The Shanghainese often say their city is 20 or 30 years ahead of the rest of China. As well as the vertiginous skyscrapers, Shanghai has a relatively well-developed social welfare system, some high-end companies, and tends to pay more attention to the well-being of its residents than other cities.
But if the rest of China only reaches Shanghai’s current level in two decades’ time, then we are all doomed.
Because in reality Shanghai is failing to move up the value chain. Right now, according to Chi Hong, the deputy director general of the Shanghai Municipal Government and Reform Commission, the city is still in a "late industrialization" phase.

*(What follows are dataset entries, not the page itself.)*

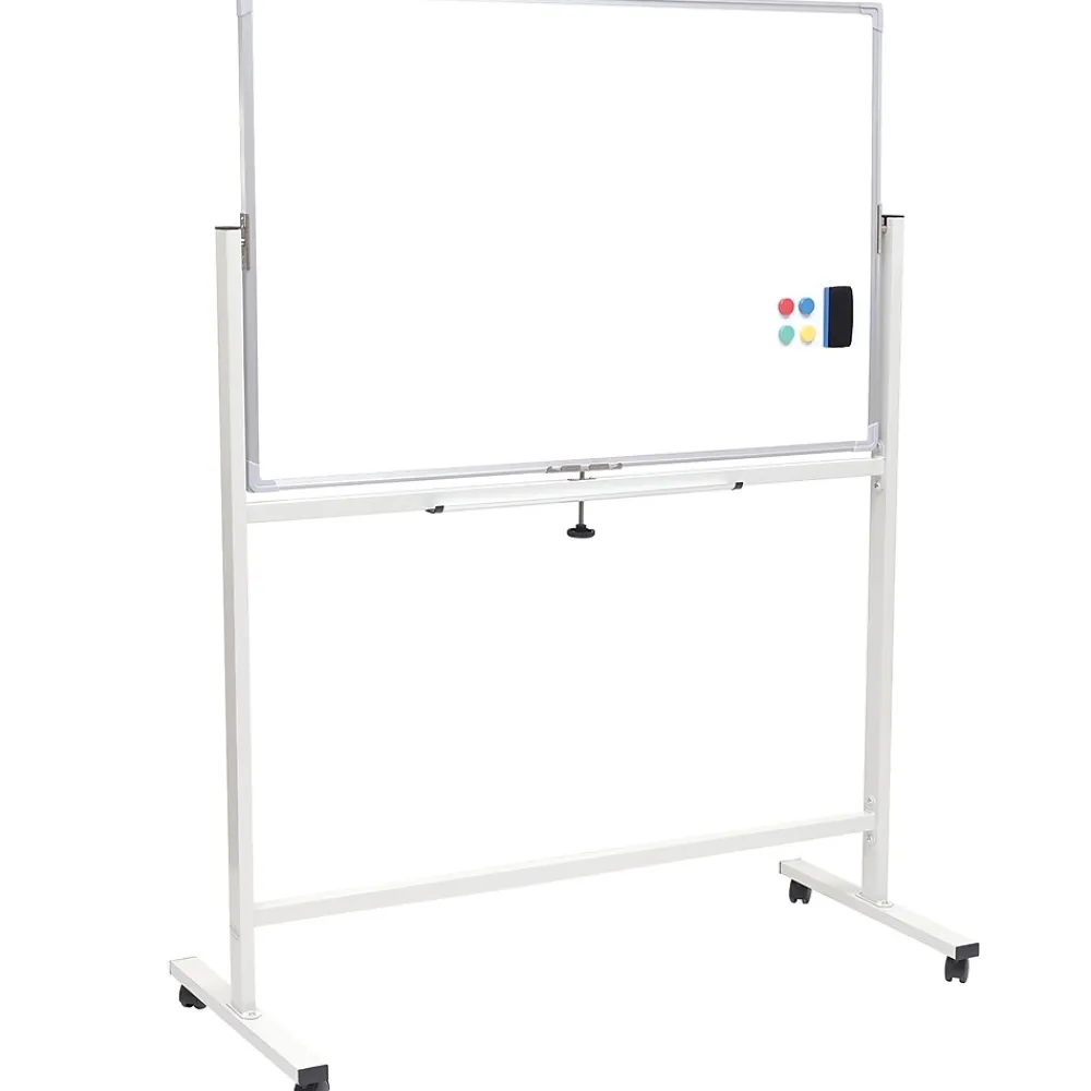 Our 48″ x 32″ Reversible Rolling Magnetic Chalkboard and Whiteboard features a 48″ x 32″ writing space, offering a flexible and versatile writing surface for various uses like teaching, planning, or presentations. Built with a robust yet lightweight steel frame, a 20-inch wide wheelbase, and four locking casters, this board ensures effortless mobility and secure positioning during use.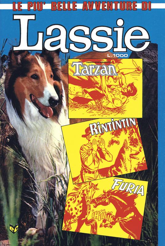 RC2 - LE PIÙ BELLE AVVENTURE DI FURIA > LASSIE > RINTINTIN & Rusty > TARZAN - nn. (1/4) - luglio 1979 - 208 pgg. + cop. - cm 16,5 x 25 - Misto - Lire 1.000. Escono 4 albi non numerati, con differente testata, ognuno dei quali raccoglie un numero di FURIA, uno di LASSIE, uno di RIN TIN TIN & Rusty ed uno di TARZAN. L'albo con testata LASSIE esce come suppl. a SILVESTRO SHOW n. 4 (luglio 1979), quello con testata FURIA come suppl. a Super FURIA n. 3 (luglio 1979), quello con testata RIN TIN TIN come suppl. a Raccolta Speciale RIN TIN TIN n. 3 (luglio 1979), quello con testata TARZAN come suppl. al n. 4 di TARZAN (luglio 1979).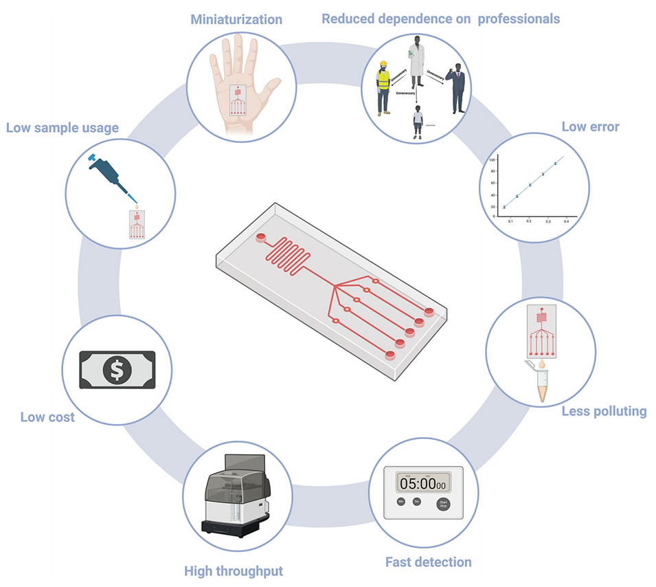 图1.微流体生物传感器的优点包括低误差、低样品使用量、小型化、减少对专业人员的依赖、污染少、检测速度快、吞吐量高、成本低。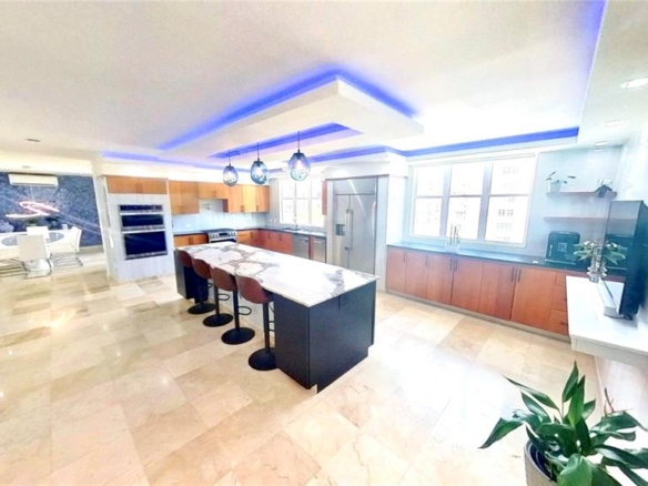 • Chef’s dream kitchen with double ovens, Galley workstation sink, Gourmet coffee maker, ice maker, and 4’ x 12’ marble island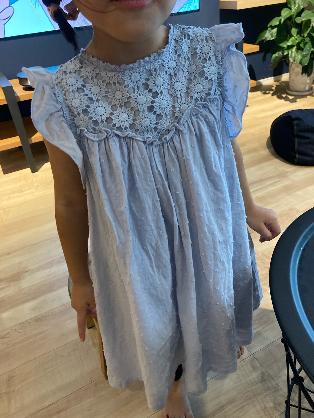 普段は、110買ってますが このワンピースは丈が長いので100にしました! それでも100センチの子で膝下あたりです☻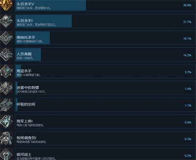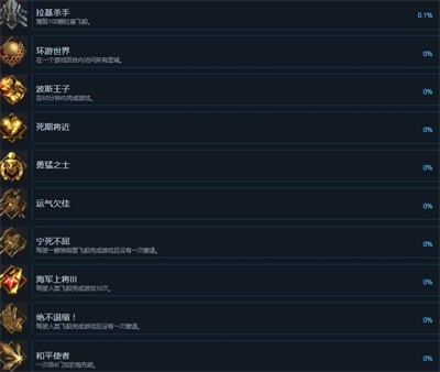 3:拉基杀手,环游世界,波斯王子,死期将近,勇猛之士,运气欠佳,宁死不屈,海军上将3,绝不退缩,和平使者等等成就有很多,同时成就下面也有对应的完成的要求。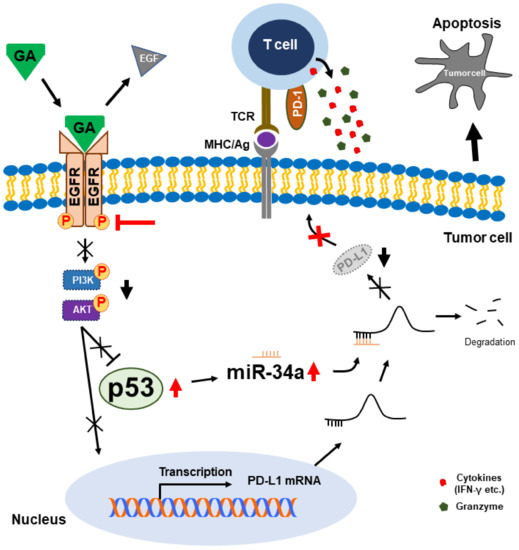 The tumor suppressor p53 is a transcription factor and plays a pivotal role in cell-cycle, DNA repair, senescence, and apoptosis [67,68,69]. Under various stresses such as DNA damage, p53 is phosphorylated and acetylated via posttranslational modification and then it is translocated to the nucleus for trans-activating numerous target genes that direct processes including cell-cycle arrest and/or apoptosis. Mutations of TP53 have been discovered in more than 50% of human cancers and p53 mutation leads to not only the loss of cancer suppressive functions but also the acquisition of additional oncogenic functions such as growth and survival [70]. Wild-type p53 proteins (WTp53) are frequently downregulated because of their function of tumor suppression in many cancer cells. Previous studies have identified that the downregulation of WTp53 is associated with EGFR signal-mediated PI3K/AKT pathway activation in cancer cells [65,66,71,72]. As mentioned above, we demonstrated that the downregulation of EGFR phosphorylation by GA leads to the inhibition of PI3K and AKT phosphorylation. The decrease in their phosphorylation by GA induced the upregulation of WTp53 protein and mRNA in A549 and H292 cells. Furthermore, the competitive activity of GA in an EGF-dependent condition suggested that binding of GA to EGFR, may associated with the upregulation of p53 through inhibiting EGFR/PI3K/AKT4 phosphorylation. These results also suggest that natural bioactive GA may have a potential role as a chemotherapeutic drug for NSCLC treatment. Although many studies have revealed that p53 is related to some immune responses including IFN signaling [73,74], the expression of inflammatory cytokines and Toll-like receptors [75,76,77], and the activation of T- and natural killer cells [78], the correlation of p53 and tumor immune evasion is poorly understood. Recently, some studies reported that p53 interacts with the apoptotic pathway by regulating miRNAs in cancer cells [79,80]. Furthermore, the effect on p53 was augmented in miR-34a expression, which leads to decreased expression levels of PD-L1 in NSCLC cells [33]. Interestingly, we found that bioactive GA decreased the protein and mRNA levels of PD-L1 as compared with the control experiment, and the expression levels of p53 and miR-34a were upregulated by GA in NSCLC cells. These results propose that GA controls the expression of PD-L1 by regulating the p53–miR-34a pathway.

Which is a polite way of saying that for all the talk of Shanghai becoming Asia’s financial capital and a modern city, it is still a big grimy old manufacturing town.
According to Mr Chi, the rate of return on hi-tech investments in Shanghai is very low. "Usually high technology means high risk and his return," he said. "But this is not the case in Shanghai. Here, companies generate 5.94 yuan of profit for every 100 yuan they spend in low cost industrial investment, but only 1.3 yuan for high technology investment".
He said the government was working hard to fix the situation, but did not reveal what was causing it. Perhaps the high cost of offices and space in Shanghai is to blame. Perhaps it is because there is not enough genuine talent to feed into creative industries. That would push up wage costs. The reason that Mr Chi gave was that the so-called "high technology" industry in Shanghai is actually just made up of component manufacturing businesses and electronics sweatshops.
It seems odd, with all the government help, that Shanghainese hi-tech firms cannot turn in higher profits, but until they do, it would be difficult to say the city is moving rapidly up the value chain.